Vendredi 9 décembre 2022, en plein Mondial de football au Qatar, coup de tonnerre sur le Parlement européen : après une enquête de la justice belge, inculpation de 6 personnes liées au Parlement européen, dont une des vice-présidentes, Eva Kaili, eurodéputée grecque de 44 ans, ancienne présentatrice de télévision en Grèce, pour de forts soupçons de corruption. Son compagnon, qui est assistant parlementaire, fait partie des inculpés, de même qu’un ancien député européen et que le père d’Eva Kaili, arrêté avec dans sa voiture un gros sac de billets « dont il ignorait qui l’y avait mis » (bien sûr…). Chez Eva Kaili, ce sont plusieurs centaines de milliers d’€ qui ont été trouvés lors d’une perquisition, elle aussi en ignorait l’existence et la provenance....


Photo : Eva Kaili, ex-vice-présidente du Parlement européen


Le juge d’instruction belge a indiqué « suspecter le versement par un pays du Golfe d’importantes sommes d’argent ou l’offre de cadeaux significatifs à des tiers ayant une position politique et/ou stratégique permettant, au sein du Parlement européen, d’influencer les décisions. ». Ce pays n’est pas nommé, mais tout le monde a traduit : le Qatar, sous les projecteurs du Mondial et vivement critiqué pour ses insuffisances dans le respect des droits de l’homme et des droits des travailleurs, et voulant améliorer son image dans l’Union européenne.

Très vite tous les médias ont parlé de Qatargate.


Pourquoi, au passage, parler systématiquement de « trucmuche - gate » dès qu’il y a un scandale embarrassant pour des responsables ou des institutions politiques ?

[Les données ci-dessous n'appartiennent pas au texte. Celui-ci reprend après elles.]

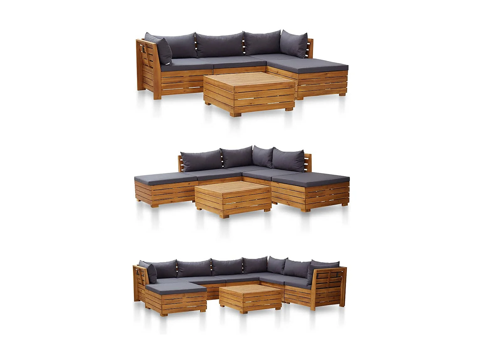 Canapé central sectionnel 1 pc et coussins Bois d'acacia massif

Les moins jeunes se souviennent probablement que l’origine est aux USA : en 1972, année d’élection à la présidence, des « cambrioleurs » sont arrêtés par un gardien dans les locaux du parti démocrate à Washington, dans le complexe d’hôtels et de bureaux Watergate, avec du matériel d’écoute. Le président républicain Richard Nixon est candidat pour un second mandat et il sera réélu. Une longue enquête menée en particulier par deux journalistes du Washington Post et aussi par le Sénat (à majorité démocrate) montre que les « cambrioleurs » agissaient pour la Maison Blanche. En 1974, Nixon doit démissionner… le suffixe « gate » restera !!

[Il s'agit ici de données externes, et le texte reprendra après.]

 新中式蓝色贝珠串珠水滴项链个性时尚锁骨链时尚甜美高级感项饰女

A noter qu’à la même époque, en 1973, en France, des « plombiers » (en réalité des policiers) sont découverts une nuit dans les locaux du Canard enchaîné en train de poser des micros…


Revenons au Qatar, dont personne n’ignore l’étendue abyssale des moyens financiers. Le 24 novembre, sous l’impulsion d’Eva Kaili, le groupe Socialistes et Démocrates du Parlement européen avait défendu la Qatar et rejeté une motion sur l’état des droits humains dans ce pays du Golfe. Eva Kaili avait alors qualifié le Qatar de « précurseur en matière de droit du travail ». Bizarre, non ?

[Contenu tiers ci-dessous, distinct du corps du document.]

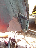 | A patching plate was cut and here it is being offered up to check for fit. |

Dès le 13 décembre, le Parlement européen réuni en plénière a suspendu Eva Kaili de ses fonctions. En Grèce, le PASOK (parti socialiste) a radié Eva Kaili de ses rangs et le gouvernement a annoncé le gel de ses avoirs et un contrôle fiscal à son encontre.


Il semble en plus que le Maroc ait également « offert des cadeaux » à des personnes de l’entourage d’Eva Kaili, dans le but d’atténuer les critiques sur l’occupation de l’ex – Sahara espagnol.


Dans sa réponse le 16 décembre à la Maison de l’Europe à des questions sur toute cette affaire du « Qatargate », la députée européenne Irène Tolleret a donné des indications sur des États influenceurs, sans qu’il y ait forcément corruption caractérisée : notamment la Russie dont la pratique de l’ingérence est bien connue. Elle a souligné malicieusement que des députés européens « de certain(s) groupe(s) » avaient brusquement besoin d’aller aux toilettes au moment du vote sur un texte défavorable à la Russie, et ainsi pouvaient éviter de voter (les votes sont publiés) ….


Plus sérieusement, il est bien connu que Bruxelles fourmille de lobbyistes, qui sont d’ailleurs utiles sur des questions peu maîtrisées par les députés : les lobbyistes sont une source d’informations, aux députés de faire le tri entre informations et influence.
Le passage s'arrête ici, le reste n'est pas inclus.